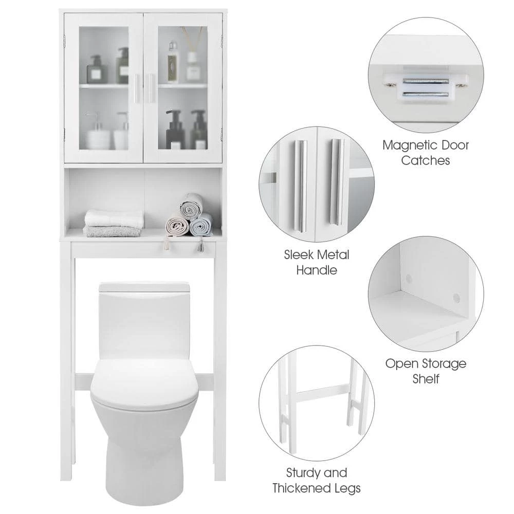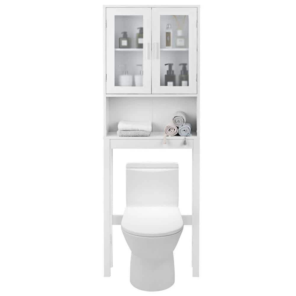 Our brand new clever and versatile bathroom Space saver allows you to utilize extra space for all your bathroom storage needs. Place this white bathroom space saver around the toilet and add bathroom storage space quickly and easily. Features an two-door cabinet and an open shelf for easy access storage. The cabinet provides excellent storage solutions for bathrooms with limited space. This bathroom space saver features sturdy MDF construction, and its white finish ensures that it will match and accent any existing decor. It is a free standing furniture piece, which conveniently fits over standard toilet tanks and adds easy storage for roll paper and other bathroom necessities. Don’t hesitate to buy it.
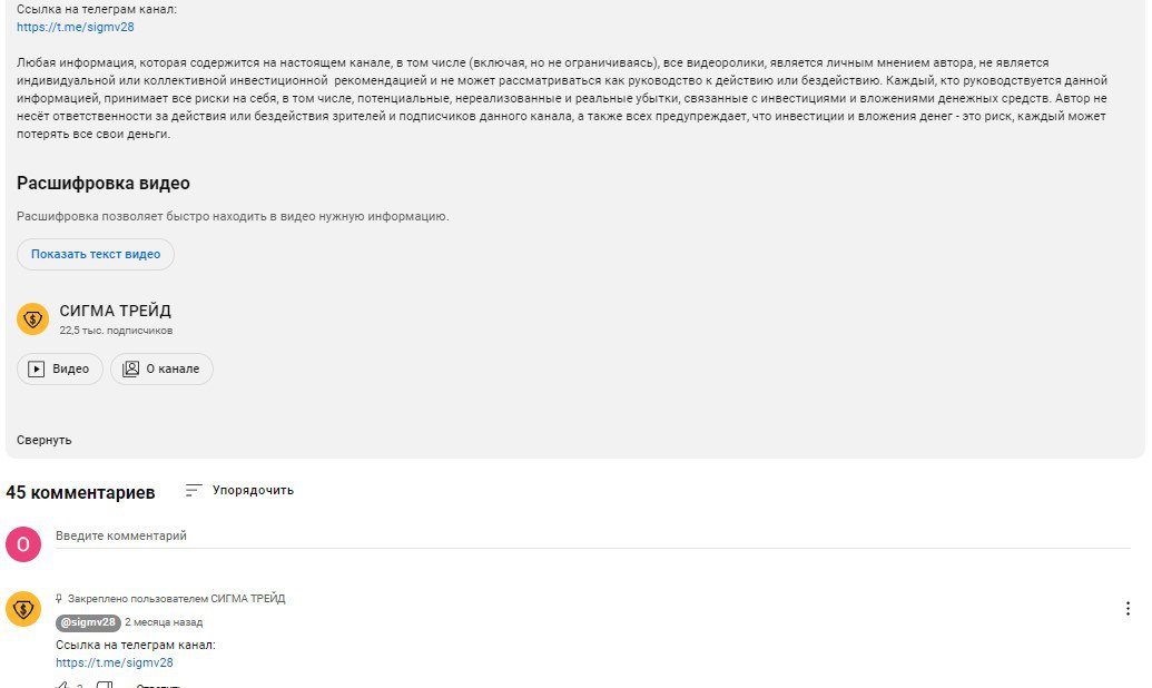 В ютуб-канале «Сигма Трейд» люди обсуждают только содержание роликов.
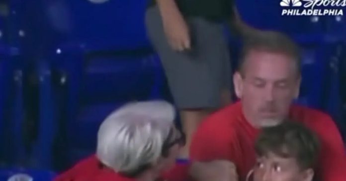 El padre luego regresó a donde estaba sentada su familia, aproximadamente a cinco asientos de distancia, y le entregó la pelota a su emocionado hijo, identificado por los Phillies como Lincoln.
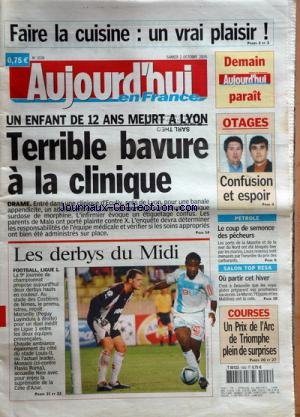 AUJOURD'HUI [No 1038] du 02/10/2004 - faire la cuisine , un vrai plaisir un enfant de 12 ans, malo, meurt a lyon - terrible bavure a la clinique les derbys du midi, foot ligue 1 otages, confusion et espoir petrole , le coup de semonce des pecheurs salon top resa , ou partir cet hiver Description

━━━━

**Work to complete**
What is needed is an exact copy of the lines from the line with "El padre luego" to the end of the data above, both included, without any pictures.

**Result for this exercise**
 El padre luego regresó a donde estaba sentada su familia, aproximadamente a cinco asientos de distancia, y le entregó la pelota a su emocionado hijo, identificado por los Phillies como Lincoln.
 AUJOURD'HUI [No 1038] du 02/10/2004 - faire la cuisine , un vrai plaisir un enfant de 12 ans, malo, meurt a lyon - terrible bavure a la clinique les derbys du midi, foot ligue 1 otages, confusion et espoir petrole , le coup de semonce des pecheurs salon top resa , ou partir cet hiver Description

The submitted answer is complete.